Does any other AI desktop app run a second model session for memory?

Not that we have found on Mac. Most consumer AI apps use one LLM call per user message, period. Some frameworks expose background agents, but those are developer tools, not consumer products. The closest architectural cousin is Claude Code itself, which ships its own memory files under a single session. Fazm's twist is running the memory pass as a separate Sonnet 4.6 session so the main chat's context window stays clean and the observer can be given a different system prompt and a smaller tool surface.

What happens if Anthropic ships a newer model tomorrow?

The observer picks it up the same way the main chat does. The ACP bridge reports availableModels on every session/new, Fazm's ShortcutSettings.updateModels substring-matches the ID against haiku / sonnet / opus, and the observer's warmup config is swapped to whatever the family map currently resolves for Sonnet.
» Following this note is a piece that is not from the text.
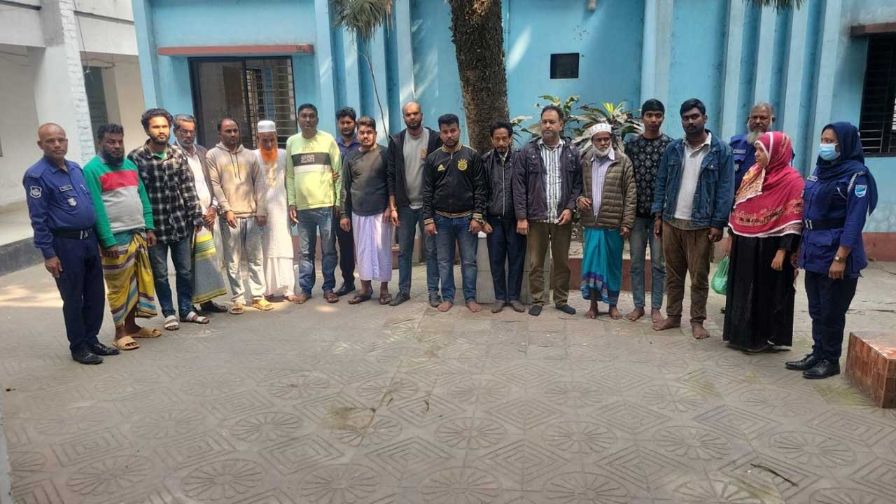 গ্রেপ্তাররা হলেন- সাভারের বনাগাঁও ইউনিয়ন এলাকার সাধাপুর পুরানবাড়ি মহল্লার মৃত ইসরাফিল হাওলাদার ছেলে মো. দেলোয়ার হোসেন (৫৭), একই ইউনিয়নের বলিয়ারপুর মধ্যপাড়া মহল্লার মৃত বশিরউদ্দিনের ছেলে মো. রুহুল আমিন (৫৫), সাভার পৌর এলাকার দক্ষিণ রাজাশন মহল্লার মো. শাহ আলমের ছেলে শাহাদাত হোসেন (৩৪), ডগরমোড়ার সিআরপি মহল্লার মৃত আক্তার মাঝির ছেলে মো. আনোয়ার হোসেন মাঝি (৪৪), দিলখুসবাগ মহল্লার মৃত ফয়েজ উল্লাহর ছেলে ও কৃষকলীগ নেতা মো. সেলিম ভূঁইয়া (৫০), উত্তর পাড়া মহল্লার মৃত ইব্রাহিম মোল্লার ছেলে ও সাভার উপজেলা চেয়ারম্যান মঞ্জুরুল আলম রাজিবের মামা আখতারুজ্জামান (কুটি মোল্লা), কাউন্দিয়া ইউনিয়নের আ. রশিদ মাস্টারের মেয়ে ও ১ নং ওয়ার্ড মহিলা আওয়ামী লীগ সভাপতি আসমা খানম শিল্পি (৩৭), একই ইউনিয়নের মৃত মোহাম্মদ জাহাঙ্গীর আলমের ছেলে ও যুবলীগ কেন্দ্রীয় কমিটির সাধারণ সম্পাদক এবং এমপি মইনুল হোসেন খান নিখিলের পিএস আবু বকর সিদ্দিকি (৪৮), বাগসাত্রা মহল্লার মৃত আ. মান্নানের ছেলে ও কাউন্দিয়া ইউপি আওয়ামী যুবলীগের সহসভাপতি মো. আব্দুর রাজ্জাক (৪৩), তেঁতুলঝড়া ইউনিয়নের যাদুরচর মহল্লার মো. মোসলেম উদ্দিনের ছেলে মো. নাছির হোসেন (২৪), একই ইউনিয়নের রাজফুলবাড়ীয়া এলাকার কৃষ্ণনগর মহল্লার শাহাদাত হোসেনের ছেলে ও তেঁতুলঝোড়া ২ নং ওয়ার্ডের সভাপতি এবং তেঁতুলঝোড়া ইউনিয়ন ছাত্রলীগের পাঠাগার বিষয়ক সম্পাদক যুবরাজ ইসলাম মিলন (২২), আমিন বাজার ইউনিয়নের বড়দেশী পশ্চিমপাড়া মহল্লার মৃত লাল বাদশা ফকিরের ছেলে ও আমিন বাজার ২ নং ওয়ার্ড আওয়ামী লীগ নেতা মো. শওকত আলী (৬৫), কেরানীগঞ্জের কানারচর মহল্লার আলাউদ্দিন আলার ছেলে ও হযরতপুর ইউনিয়নের আওয়ামী লীগের আহ্বায়ক কমিটির যুগ্ম আহ্বায়ক সাইফুল ইসলাম (৩৪)।

There is no build, no app update, and no user action. If Anthropic renames the family entirely, the observer falls back to the raw model name from the API, sorted to the end of the picker, until a new build ships.

Can I turn the observer off?

Yes. The observer session is created during ACP warmup. Users who do not want a parallel memory pass can disable the feature in settings, which clears the observer session and stops bufferChatObserverTurn from being called after each main/floating turn (acp-bridge/src/index.ts lines 1748 to 1752). The main chat keeps working identically. The only thing you lose is the automatic MEMORY.md and the auto-drafted skills.